Hurricane Michael topped the climate costs of 2018Hurricane Michael, which devastated the Florida Panhandle, was among the most expensive climate-related disasters of 2018. Photo credit: Scott Olson/Getty Images

By Dana Drugmand

With 2018 having just drawn to a close, some organizations have begun to tally the staggering climate-related costs of a year featuring severe drought, heat, fires, floods and storms around the world. Ten of the biggest disasters cost at least $85 billion in total damages, according to a recent report by the United Kingdom-based organization Christian Aid.

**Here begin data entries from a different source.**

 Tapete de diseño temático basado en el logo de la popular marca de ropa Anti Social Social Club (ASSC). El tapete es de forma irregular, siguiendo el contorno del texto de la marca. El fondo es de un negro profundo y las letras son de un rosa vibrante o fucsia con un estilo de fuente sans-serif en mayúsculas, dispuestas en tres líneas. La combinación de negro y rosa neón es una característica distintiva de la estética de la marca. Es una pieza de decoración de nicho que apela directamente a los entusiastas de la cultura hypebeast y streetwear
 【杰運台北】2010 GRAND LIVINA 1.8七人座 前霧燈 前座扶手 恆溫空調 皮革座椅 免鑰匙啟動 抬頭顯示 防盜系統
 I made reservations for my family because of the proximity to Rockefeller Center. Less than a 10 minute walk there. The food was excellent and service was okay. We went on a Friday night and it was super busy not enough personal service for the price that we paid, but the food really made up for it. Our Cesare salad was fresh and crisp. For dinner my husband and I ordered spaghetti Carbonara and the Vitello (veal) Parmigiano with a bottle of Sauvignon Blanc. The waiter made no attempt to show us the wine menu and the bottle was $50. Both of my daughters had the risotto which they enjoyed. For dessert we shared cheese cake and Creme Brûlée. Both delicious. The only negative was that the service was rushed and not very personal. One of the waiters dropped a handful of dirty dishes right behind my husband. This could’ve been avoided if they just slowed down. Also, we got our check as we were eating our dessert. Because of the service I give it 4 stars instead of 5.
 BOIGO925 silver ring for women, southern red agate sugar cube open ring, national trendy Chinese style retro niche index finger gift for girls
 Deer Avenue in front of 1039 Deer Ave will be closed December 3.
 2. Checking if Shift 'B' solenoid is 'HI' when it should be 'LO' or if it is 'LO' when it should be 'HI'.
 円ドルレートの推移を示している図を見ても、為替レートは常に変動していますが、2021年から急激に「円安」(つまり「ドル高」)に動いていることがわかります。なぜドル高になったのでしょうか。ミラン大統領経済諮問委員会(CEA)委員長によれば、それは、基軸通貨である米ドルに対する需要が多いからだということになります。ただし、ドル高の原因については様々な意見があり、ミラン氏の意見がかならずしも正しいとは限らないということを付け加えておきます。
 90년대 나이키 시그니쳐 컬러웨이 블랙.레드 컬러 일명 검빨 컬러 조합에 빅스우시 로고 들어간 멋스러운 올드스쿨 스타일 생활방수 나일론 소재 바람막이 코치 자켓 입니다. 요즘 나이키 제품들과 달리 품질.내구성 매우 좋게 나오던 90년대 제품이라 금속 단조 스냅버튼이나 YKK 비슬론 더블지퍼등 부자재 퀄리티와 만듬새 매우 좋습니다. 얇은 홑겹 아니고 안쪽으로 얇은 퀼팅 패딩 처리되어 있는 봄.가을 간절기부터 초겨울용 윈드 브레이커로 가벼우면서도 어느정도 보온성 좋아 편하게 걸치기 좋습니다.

The report, “Counting the Cost: A Year of Climate Breakdown,” looked into events including catastrophic flooding in Kerala, India to devastating wildfires in California, extreme weather events exacerbated by a warming climate. Christian Aid, which works to eradicate global poverty, identifies the top 10 climate-related disasters of 2018 costing more than a billion dollars each. Hurricanes Florence and Michael and the California wildfires in November topped the list, marking yet another expensive year of extreme weather for the United States.

“The year has once again featured extremes of weather made worse by human-induced climate change, with major consequences, costs, and human suffering,” said Dr. Kevin Trenberth, senior scientist at the National Center for Atmospheric Research.

The devastation of 2018 comes on the heels of 2017, which was the costliest year yet in the U.S. with more than $300 billion in damages from climate-related disasters. In 2018, at least a dozen extreme weather events cost at least a billion dollars each, according to the National Oceanic and Atmospheric Administration.

According to NOAA, the seven years with the most billion-dollar disasters have all come in the past decade.

While it is impossible to predict whether billion-dollar events will continue to climb,  “We are seeing a gradual upward trend in the number of billion dollar disasters even when counting for inflation,” said Climate Central meteorologist Sean Sublette.

Other factors, like increasing population and economic development, contribute to higher damage costs because more people and property are concentrated in climate-vulnerable areas like coastal cities. But climate change is the underlying factor that leads to more extreme, and more expensive, natural disasters.

“As the climate does continue to warm, so will the odds of greater floods,” Sublette said. “There’s more moisture in the atmosphere and heavier rain that in turn leads to more flooding. Then you compound that with the fact that there is a growing population and more development so those two things together are dramatically increasing the risk to life and property from natural disasters. When we look at climate change, we need to look at this as a risk management thing.”

As reports like Christian Aid’s show, that risk is already a reality with real human impacts and economic costs. “This report shows that for many people, climate change is having devastating impacts on their lives and livelihoods right now,” said Dr. Kat Kramer, Christian Aid’s global climate lead.   

As global temperatures continue to rise, so too will the costs and consequences. The $300 billion price tag of extreme weather in the U.S. in 2017 is not an anomaly: The federal government’s latest national climate report warned that climate change could cost the U.S. hundreds of billions of dollars annually by century’s end. Worldwide, damage costs are projected to climb into the tens of trillions of dollars without rapid decarbonization. A UN report released last October estimated that global economic damages by 2100 would reach $54 trillion with 1.5 degrees Celsius of warming, and $69 trillion with 2 degrees C warming.

“The science is clear. Without rapid cuts in CO2 and other greenhouse gases, climate change will have increasingly destructive and irreversible impacts on life on Earth,” World Meteorological Organization secretary-general Petteri Taalas said in a recent statement.

While more extreme weather and other impacts are commonly described as the “new normal,” experts explain that the climate system is dynamic and unpredictable. “It’s going to continue to progressively get worse until we find a way to mitigate it or adapt,” Sublette said.